The same Continuous Improvement initiatives that reduce your scrap cost and retesting will also reduce factory escapes. Warranties can often be expensive. It is not only the units themselves that drive the cost. Shipments and RMA tickets must be handled, at times manufacturing itself must perform RMA analysis to document what was wrong. Sometimes you even lose a customer who was not happy with how things played out, which again impacts Revenue.
If you compare the framework for Manufacturing Intelligence that we advocate through WATS to traditional Statistical Process Control, the theoretical impact of the latter is in reality only aimed at this cost center. To stop defect units from leaving the factory. You can read this article explaining why Statistical Process Control is not suitable for monitoring electronics manufacturing.

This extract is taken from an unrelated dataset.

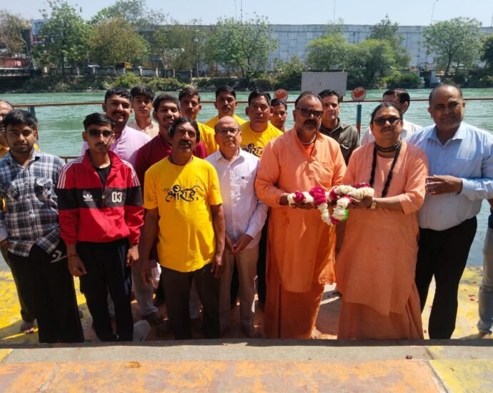 हरिद्वार, 23 मार्च। शहीदी दिवस के अवसर पर श्री अखंड परशुराम अखाड़े के अध्यक्ष पंडित अधीर कौशिक के संयोजन में अखाड़े के सदस्यों ने अग्रसेन घाट पर गंगा में पुष्पांजलि अर्पित कर शहीदे आजम भगत सिंह, सुखदे और राजगुरू को नमन किया गया। पंडित अधीर कौशिक ने कहा कि देश को आजादी दिलाने वाले अमर शहीद बलिदानियों के जीवन दर्शन से युवा पीढ़ी को सीख लेनी चाहिए। उन्होंने कहा कि देश को आजादी दिलाने के लिए अपने प्राणों को न्यौछावर करने वाले वीर शहीदों के बलिदान से प्रेरणा लेकर युवा पीढ़ी को देश के प्रति समर्पित भावना से काम करना चाहिए। उन्होंने कहा कि युवा पीढ़ी नशे से दूर रहकर और एकजुट होकर अन्याय के खिलाफ संघर्ष करे। यही शहीदों को सच्ची श्रद्धांजलि होगी। पंडित पवन कृष्ण शास्त्री एवं मुकेश कुमार शर्मा ने कहा कि अपना जीवन देश को समर्पित करने वाले शहीद ए आजम भगत सिंह, सुखदेव और राजगुरू की देश भक्ति से सीख लेते हुए सभी को देश की तरक्की, एकता एवं अखंडता बनाए रखने में सहयोग करना चाहिए। उन्होंने देश पर मर मिटने वाले अमर शहीदों की मोक्ष की कामना भी की। श्रद्धांजलि देने वालों में शंभू पंत, विवेक कौशिक, संजय शर्मा, इंद्रपाल शर्मा, सूर्यकांत शर्मा, सुनील प्रजापति, सतपाल कुमार, विजय कुमार, विनोद सैनी, शेरसिंह सैनी, विष्णु गौड़, राजीव बिष्ट, अर्णव शर्मा, अध्ययन शर्मा, निखिल कश्यप, मन्नू शर्मा, सुधीर शर्मा आदि शामिल रहे।

Research & Development and Administrative Costs
This is a big cost center for many, with many different costs. Manufacturing support is one of the activities taking place here. This might be during New Product Introduction, or debugging problems happening during normal operations. It is common that R&D or Industrialization staff must travel to the factory to take part in these fault-finding projects. Often at different countries or continents than they normally work and live. Needless to say, these overhead costs can be significant.
Data-finding, sorting and analysis is also a common part of these activities. Manufacturing Intelligence aims to control this cost by providing real-time, unified and global data access. From anywhere in the world, you can access information on a specific incident that just happened. It helps reduce the time needed for data finding and has the potential to significantly reduce the resolution times. Often eliminating the need to travel. The real beauty however is that the system contains all the meta-data needed by different groups. So, it is a single source of data and insight, applicable to many stakeholders.
Effective Collaboration
This meta-data is critical for you to communicate in a “common language” internally. Or with sub-contractors. The same reasoning applies to admin staff working within this domain. The system provides them with business-level information to make faster and more effective and meaningful decisions. WATS for instance calculates many metrics useful for product costing analysis.
In summary
WATS and Manufacturing Intelligence applied to electronics manufacturing test data aims to provide you with a practical and complete framework to increase profits in manufacturing in the discussed areas. It differs from, and excels compared to traditional tools such as Statistical Process Control, in that its approach has economic thinking as a core element rather than limit itself to subsets of manufacturing problems.
The resulting improvements in profits add huge value to leading tech companies dependent on channelling money back into their R&D teams to keep up the innovation.